**WHAT YOU SHOULD DO:** Retype the whole listing exactly. Leave out pictures.

**THE DATA:**
-------------------------

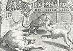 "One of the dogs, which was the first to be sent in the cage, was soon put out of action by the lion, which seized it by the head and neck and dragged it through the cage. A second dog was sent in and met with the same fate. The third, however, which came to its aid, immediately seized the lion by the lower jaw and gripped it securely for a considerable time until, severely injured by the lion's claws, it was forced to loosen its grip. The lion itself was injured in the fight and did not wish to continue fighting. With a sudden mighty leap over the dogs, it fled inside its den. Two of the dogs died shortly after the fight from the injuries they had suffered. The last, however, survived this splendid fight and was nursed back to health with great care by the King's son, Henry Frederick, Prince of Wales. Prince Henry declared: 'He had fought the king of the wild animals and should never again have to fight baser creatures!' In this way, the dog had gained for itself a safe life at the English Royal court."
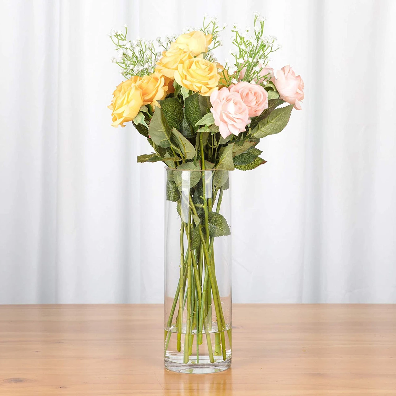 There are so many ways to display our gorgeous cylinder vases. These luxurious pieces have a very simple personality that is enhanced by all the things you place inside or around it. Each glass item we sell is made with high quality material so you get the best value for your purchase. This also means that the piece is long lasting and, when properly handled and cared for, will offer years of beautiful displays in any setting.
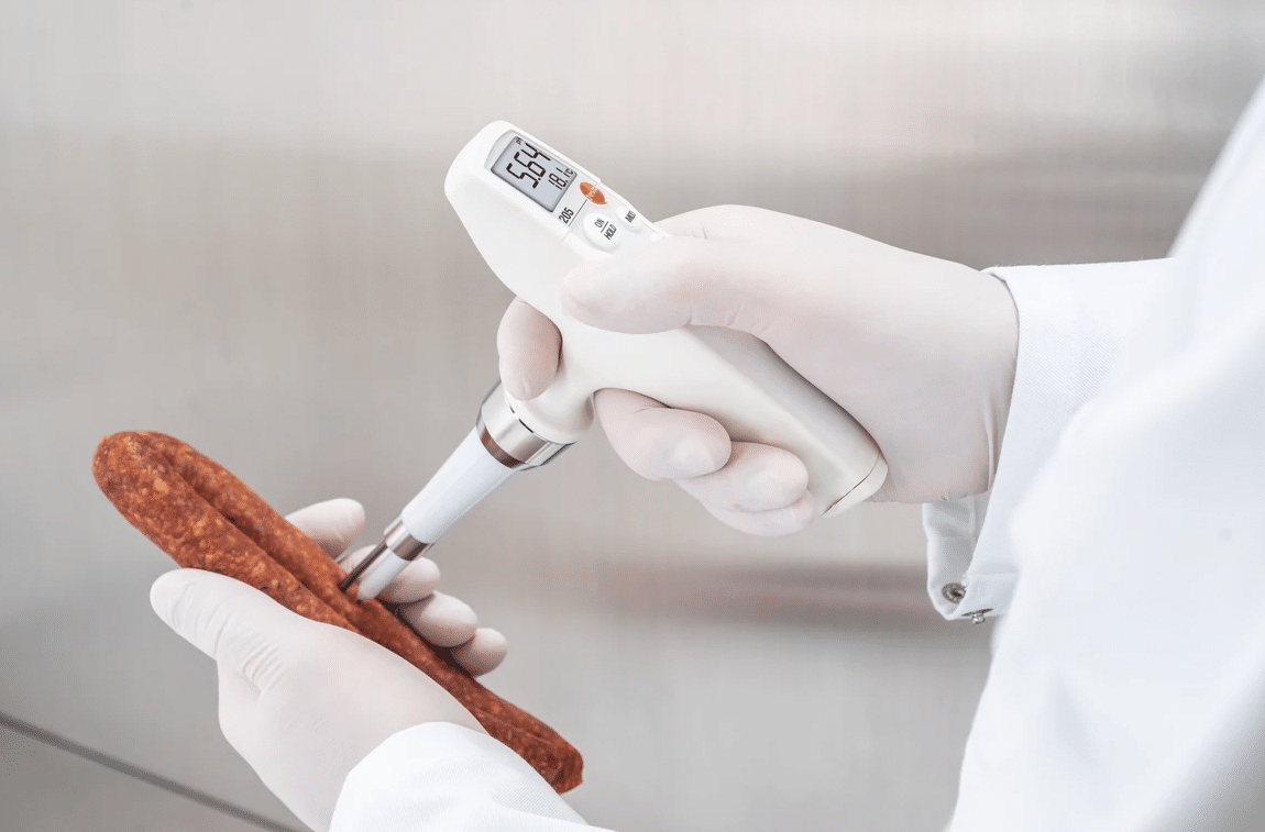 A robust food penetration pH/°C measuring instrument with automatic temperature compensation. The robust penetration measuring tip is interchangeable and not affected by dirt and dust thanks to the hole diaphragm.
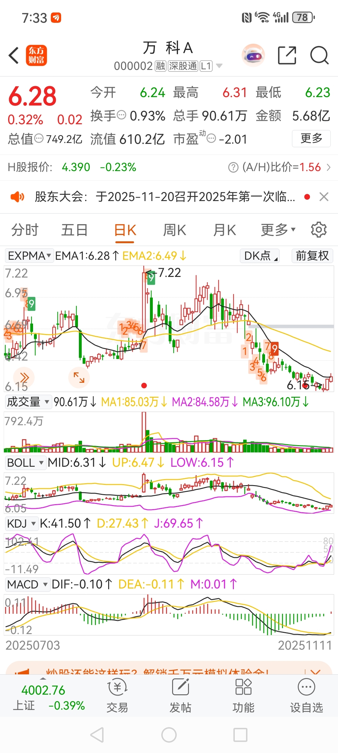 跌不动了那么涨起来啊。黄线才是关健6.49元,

-------------------------

**EXERCISE RESULT:**
 "One of the dogs, which was the first to be sent in the cage, was soon put out of action by the lion, which seized it by the head and neck and dragged it through the cage. A second dog was sent in and met with the same fate. The third, however, which came to its aid, immediately seized the lion by the lower jaw and gripped it securely for a considerable time until, severely injured by the lion's claws, it was forced to loosen its grip. The lion itself was injured in the fight and did not wish to continue fighting. With a sudden mighty leap over the dogs, it fled inside its den. Two of the dogs died shortly after the fight from the injuries they had suffered. The last, however, survived this splendid fight and was nursed back to health with great care by the King's son, Henry Frederick, Prince of Wales. Prince Henry declared: 'He had fought the king of the wild animals and should never again have to fight baser creatures!' In this way, the dog had gained for itself a safe life at the English Royal court."
 There are so many ways to display our gorgeous cylinder vases. These luxurious pieces have a very simple personality that is enhanced by all the things you place inside or around it. Each glass item we sell is made with high quality material so you get the best value for your purchase. This also means that the piece is long lasting and, when properly handled and cared for, will offer years of beautiful displays in any setting.
 A robust food penetration pH/°C measuring instrument with automatic temperature compensation. The robust penetration measuring tip is interchangeable and not affected by dirt and dust thanks to the hole diaphragm.
 跌不动了那么涨起来啊。黄线才是关健6.49元,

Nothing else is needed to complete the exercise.